Docker Image Security in 5 Minutes or Less

Docker Image Security in 5 Minutes or Less

Updated post as of  September 24, 2020

The adoption of software containers has been spreading like wildfire in the last few years, reaching new industries and changing the structure and pace at which we consume and produce software. At the same time, container adoption opens new doors for vulnerabilities in the era of software reuse. With developers now using building blocks (software containers) to create programs, applications, and services, visibility into those building blocks is paramount to avoid data breaches.

Securing a software stack can take many forms, and most commonly and historically came in the form of runtime security. These security measures would find real time vulnerabilities only after a door was opened that shouldn’t have been, leaving a security or development team in a reactionary position.

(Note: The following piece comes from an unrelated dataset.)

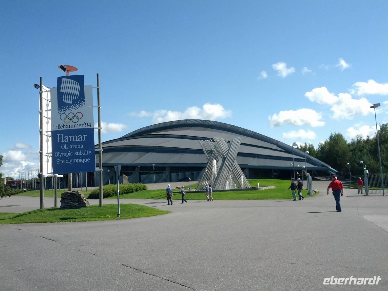 In Hamar bestaunen wir das „Wikingerschiff" eine riesige Eislaufhalle und eines der herausragenden Bauwerke der Olympischen Spiele 1994.

On the other hand, Anchore’s approach to container security begins at the earliest stages in the development process, making sure that every piece of code sourced for a project is put through a series of tests before it gets committed to a project. The Anchore Engine is an open source project that provides a centralized service for deep inspection, analysis and certification of container images. This Docker container image can be run standalone or on an orchestration platform such as Kubernetes, Docker Swarm, Amazon ECS, and more. A great feature of the open source project is the ease of installation, allowing anyone to get up and running with a world-class Docker image analyzer in about five minutes.

In this blog, we are going to run through five easy steps you can follow to install the Anchore Engine and start performing checks around security, compliance and operational best practices.

Anchore Installation

This follows the quickstart guide available in the documentation.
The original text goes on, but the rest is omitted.